--- Task description ---
Set down exactly the lines below, starting at the one that contains "Vibrant Deco Piece;" and ending at the one that contains "Obraz premium Happy", with both of those lines included and nothing else.

--- Excerpted data ---
*** Begin section ***
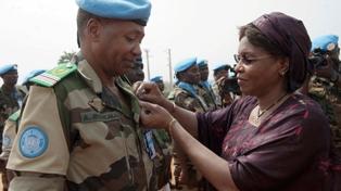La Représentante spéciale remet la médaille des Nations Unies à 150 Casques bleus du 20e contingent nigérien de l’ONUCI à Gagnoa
*** End section ***
*** Begin section ***
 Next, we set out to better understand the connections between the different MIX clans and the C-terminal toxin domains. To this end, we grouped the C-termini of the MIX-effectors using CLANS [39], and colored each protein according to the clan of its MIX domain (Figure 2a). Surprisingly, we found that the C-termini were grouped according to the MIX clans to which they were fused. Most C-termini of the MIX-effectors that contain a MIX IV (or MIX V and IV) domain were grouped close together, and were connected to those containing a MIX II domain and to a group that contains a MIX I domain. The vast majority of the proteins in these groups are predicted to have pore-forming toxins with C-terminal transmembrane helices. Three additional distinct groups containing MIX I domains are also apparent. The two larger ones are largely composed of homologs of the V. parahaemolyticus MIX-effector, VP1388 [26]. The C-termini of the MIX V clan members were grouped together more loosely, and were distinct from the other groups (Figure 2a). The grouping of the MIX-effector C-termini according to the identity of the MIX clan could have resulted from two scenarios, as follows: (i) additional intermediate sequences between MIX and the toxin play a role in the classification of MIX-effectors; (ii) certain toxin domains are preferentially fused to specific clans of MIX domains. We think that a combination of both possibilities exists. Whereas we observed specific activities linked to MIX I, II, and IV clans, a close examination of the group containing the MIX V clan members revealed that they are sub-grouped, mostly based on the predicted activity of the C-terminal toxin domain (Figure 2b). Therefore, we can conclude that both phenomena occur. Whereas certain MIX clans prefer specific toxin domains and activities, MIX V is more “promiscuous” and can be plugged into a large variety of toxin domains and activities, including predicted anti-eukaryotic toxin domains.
*** End section ***
*** Begin section ***
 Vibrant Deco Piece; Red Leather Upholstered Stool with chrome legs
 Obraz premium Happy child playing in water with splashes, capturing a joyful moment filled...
*** End section ***
--- Exercise output ---
 Vibrant Deco Piece; Red Leather Upholstered Stool with chrome legs
 Obraz premium Happy child playing in water with splashes, capturing a joyful moment filled...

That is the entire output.